2.3.6 Pencegahan Diabetes Mellitus Tipe 2
1. Pencegahan Primer
Pencegahan primer merupakan upaya yang sasarannya tutujukan pada
kelompok yeng memiliki faktor resiko, yaitu mereka yang belum
terkena akan tetapi mereka berpotensi untuk terkena DM dan
kelompok dengan intoleransi glukosa.
Tindakan yang dilakukan untuk upaya pencegahan primer meliputi :
penyuluhan mengenai perlunya pengaturan gaya hidup sehat sedini
mungkin, materi penyluhan meliputi :
a. Program penurunan berat badan
1. Diet yang sehat
2. Pengaturan jumlah asupan kalori yang ditujukan untuk mencapai
berat badan yang ideal
3. Karbohidrat yang komplek merupakan sebuah pilihan dan diberikan
secara terbagi atau terpisah dan seimbang sehingga menyebabkan
glukosa darah yang tinggi setelah makan
4. Komposisi diet yang sehat yaitu mengandung sedikit lemak jenuh
dan tinggi serat larut
b. Latihan jasmani
31
Latihan jasmani yang disarankan yaitu latihan dikerjakan setidaknya 150
menit setiap minggu dengan melakukan latihan aerobic dengan
tingkatan sedang (mencapai 50-70% denyut jantung maksimal) atau 90
menit setiap minggu dengan latihan aerobik berat (mencapai denyut
jantung > 70% maksimal). Latihan jasmani terbagi menjadi 3-4 kali
dalam seminggu.
c. Berhenti melakukan kebiasaan merokok
d. Pada kelompok yang memiliki resiko tinggi dibutuhkan intervensi
farmakologis
2. Pencegahan sekunnder
Pencegahan sekunder merupakan upaya mencegah ataupun
menghambat timbulnya penyulit pada pasien yang sudah terdiagnosis
DM. Tindakan pada pencegahan sekunder dilakukan dengan
melakukan pengendalian kadar glukosa yang sesuai dengan target terapi
dan dilakukan pengendalian faktor resiko penyulit yang lainnya dengan
pemberian pengobatan seoptimal mungkin. Melakukan upaya deteksi
dini adanya penyulit merupakan sebuah bagian dari pencegahan
sekunder tindakan ini dilakukan pada awal pengelolaan penyakit DM.
Program penyuluhan memiliki peranan penting untuk meningkatkan
kepatuhan pasien dalam menjalani program pengobatan yang telah
dibuat sehingga program tersebut mencapai target terapi yang
diharapkan. Program penyuluhan dilakukan sejak pertemuan pertama
dan perlu dilakukan pengulangan pada pertemuan berikutnya.
3. Pencegahan tersier
32
Pencegahan tersier memiliki sasaran khusus yaitu kelompok dengan
penyandang DM yang telah mengalami penyulit dalam mencegah
terjadinya kecacatan lebih lanjut dan meningkatkan kualitas hidup.

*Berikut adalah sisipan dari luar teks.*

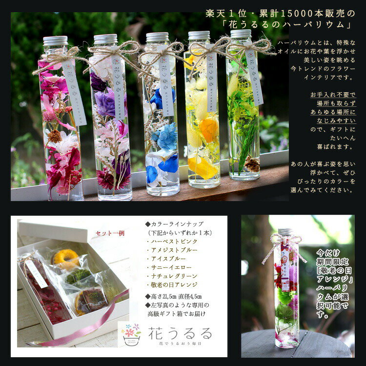 ハーバリウムだけ、お菓子だけではちょっと寂しいな、、と思われる方にぴったりの、お誕生日ギフトや御歳暮、結婚祝い、開店祝いなど、女性や男性、40代 50代 60代 70代の方まで幅広くご利用いただけるのギフトのハーバリウムで喜んでいただきませんか? ◆商品内容 ・ハーバリウムボトル(花のオイル漬け)1本とお菓子の詰め合わせ (※お菓子の内容や数量は2枚目の写真をご参照ください。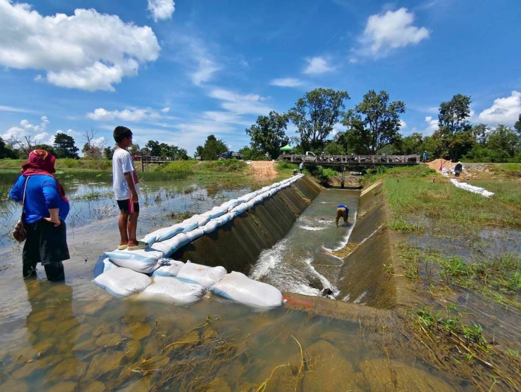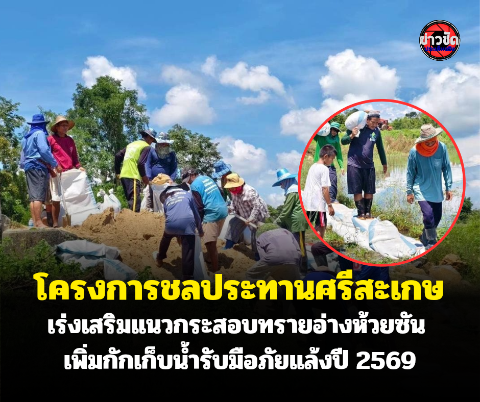 โครงการชลประทานศรีสะเกษ เร่งเสริมกระสอบทราย กักเก็บน้ำช่วยภัยแล้งปี69

Upaya rehabilitasi pada kelompok dengan DM dilakukan sedini
mungkin, sebelum terjadinya kecacatan yang menetap. Pada upaya ini
tetap dilakukan penyuluhan pada pasien dan keluarga pasien, misalnya
materi penyuluhan tentang sebuah upaya rehabilitasi yang bisa
dilakukan untuk mencapai kualitas hidup yang optimal (Perkeni, 2015).

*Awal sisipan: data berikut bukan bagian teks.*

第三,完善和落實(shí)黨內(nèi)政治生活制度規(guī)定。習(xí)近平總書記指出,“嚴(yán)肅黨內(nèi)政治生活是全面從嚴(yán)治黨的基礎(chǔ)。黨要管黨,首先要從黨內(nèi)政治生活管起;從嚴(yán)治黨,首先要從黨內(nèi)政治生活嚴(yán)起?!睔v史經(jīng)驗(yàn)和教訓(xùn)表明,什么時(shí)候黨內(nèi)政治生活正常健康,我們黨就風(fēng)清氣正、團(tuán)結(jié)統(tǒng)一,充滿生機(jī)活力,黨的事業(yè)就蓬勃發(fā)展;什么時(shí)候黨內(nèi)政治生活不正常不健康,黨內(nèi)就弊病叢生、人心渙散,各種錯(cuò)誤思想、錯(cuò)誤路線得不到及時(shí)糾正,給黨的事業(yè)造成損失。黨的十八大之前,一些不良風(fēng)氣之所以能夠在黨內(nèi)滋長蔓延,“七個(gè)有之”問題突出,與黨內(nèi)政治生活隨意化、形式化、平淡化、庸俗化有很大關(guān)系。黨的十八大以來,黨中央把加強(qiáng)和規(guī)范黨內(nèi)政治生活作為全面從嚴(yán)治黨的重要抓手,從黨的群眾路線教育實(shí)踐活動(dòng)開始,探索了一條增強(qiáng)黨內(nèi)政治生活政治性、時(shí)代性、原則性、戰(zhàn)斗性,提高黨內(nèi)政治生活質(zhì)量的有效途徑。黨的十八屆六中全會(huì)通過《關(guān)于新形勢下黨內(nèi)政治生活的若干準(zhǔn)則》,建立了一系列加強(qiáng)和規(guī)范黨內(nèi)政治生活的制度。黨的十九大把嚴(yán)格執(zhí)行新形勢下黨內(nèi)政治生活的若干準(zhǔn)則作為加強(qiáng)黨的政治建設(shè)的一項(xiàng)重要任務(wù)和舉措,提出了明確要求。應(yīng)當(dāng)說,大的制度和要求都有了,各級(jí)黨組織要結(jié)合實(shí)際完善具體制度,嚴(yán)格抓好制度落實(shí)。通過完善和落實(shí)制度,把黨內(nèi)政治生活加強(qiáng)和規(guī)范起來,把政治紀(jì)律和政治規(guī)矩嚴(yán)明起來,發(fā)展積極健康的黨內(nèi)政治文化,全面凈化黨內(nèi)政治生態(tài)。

2.3.7 Pengobatan dan Penanganan Diabetes Mellitus Tipe 2
Pada penderita DM tipe 2, penatalaksanaan pengobatan yaitu dengan
menerapkan pola hidup sehat, mengurangi berat badan, diet yang sehat, dan
berolahraga. hal ini merupakan sebuah penanganan yang difokuskan pada
gaya hidup dan aktifitas fisik. Pengontrolan tingkat kadar glukosa darah
merupakan kunci program pengobatan, sebagai langkah pengontrolan
glukosa darah dapat diberikan obat anti hiperglikemia oral atau oral anti
diabetes (OAD) yang dapat diberikan sebagai terapi tunggal atau kombinasi,
atau dilakukan pemberian injeksi insulin (Perkeni, 2015).